* _Assigned task_
From the first line of the listing to the last, set down everything exactly, but skip the images.

* _Collected data_
★ ★ ★ ★

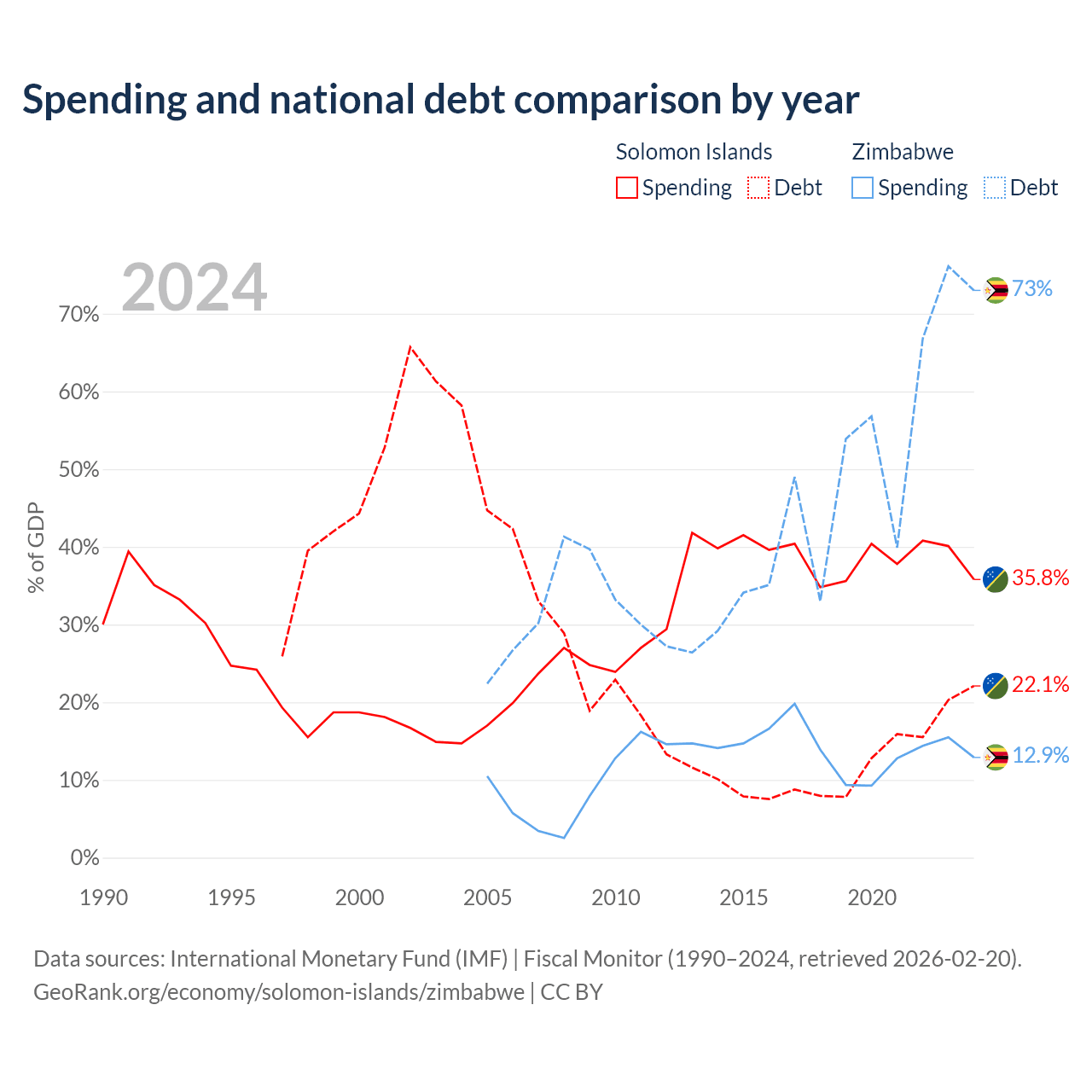 The Solomon Islands has $350M in government debt (22.1% of GDP), compared to $30.3B (73% of GDP) in Zimbabwe.
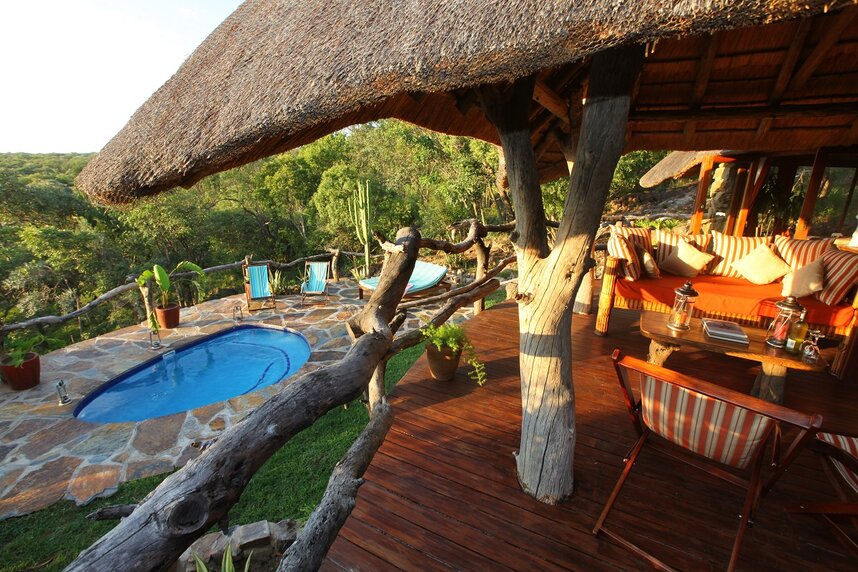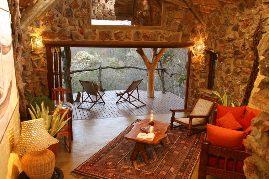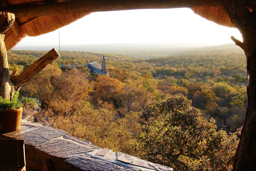 Im malariafreien Waterberg Gebiet befindet sich die privat geführte Lodge Ant\'s Hill. Am Rand einer Schlucht erbaut, besticht die "Ant’s Hill Lodge" mit einer atemberaubenden Aussicht, elegantem, afrikanischem Dekor und entspannter Atmosphäre. Im Hauptgebäude befinden sich großzügig angelegt verschiedene Sitzmöglichkeiten, eine Bar und dem Esszimmer, beides mit offenem Kamin. Auf der weiten offenen Terrasse wird das Frühstück serviert. Von hier bietet sich freie Sicht auf die Wasserstelle, die von vielen Tieren regelmäßig besucht wird. Zur Lodge gehört außerdem ein in den Fels geschlagener Pool, eine Lounge und ein Speisebereich.
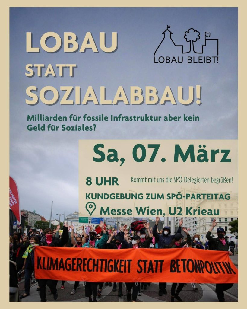 7.3. Kundgebung: Lobau statt Sozialabbau! Veröffentlicht am 22.02.26 von Jutta Matysek in Aktionen, Demos, Hintergrundinformationen, News, Presseaussendungen, Veranstaltungen Schlagwörter: Lobau-Autobahn, Lobaubleibt!, S1 Spange, Verkehrsalternativen
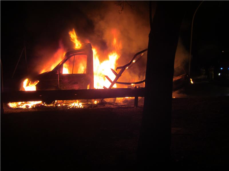 Der Kleinlaster der auf der Ausfahrt der Raststätte abgestellt war, war komplet in Vollbrand . Die Mannschaft hat den Brand in kürzester Zeit unter Kontrolle gebracht.

★ ★ ★ ★

* _Expected answer_
 The Solomon Islands has $350M in government debt (22.1% of GDP), compared to $30.3B (73% of GDP) in Zimbabwe.
 Im malariafreien Waterberg Gebiet befindet sich die privat geführte Lodge Ant\'s Hill. Am Rand einer Schlucht erbaut, besticht die "Ant’s Hill Lodge" mit einer atemberaubenden Aussicht, elegantem, afrikanischem Dekor und entspannter Atmosphäre. Im Hauptgebäude befinden sich großzügig angelegt verschiedene Sitzmöglichkeiten, eine Bar und dem Esszimmer, beides mit offenem Kamin. Auf der weiten offenen Terrasse wird das Frühstück serviert. Von hier bietet sich freie Sicht auf die Wasserstelle, die von vielen Tieren regelmäßig besucht wird. Zur Lodge gehört außerdem ein in den Fels geschlagener Pool, eine Lounge und ein Speisebereich.
 7.3. Kundgebung: Lobau statt Sozialabbau! Veröffentlicht am 22.02.26 von Jutta Matysek in Aktionen, Demos, Hintergrundinformationen, News, Presseaussendungen, Veranstaltungen Schlagwörter: Lobau-Autobahn, Lobaubleibt!, S1 Spange, Verkehrsalternativen
 Der Kleinlaster der auf der Ausfahrt der Raststätte abgestellt war, war komplet in Vollbrand . Die Mannschaft hat den Brand in kürzester Zeit unter Kontrolle gebracht.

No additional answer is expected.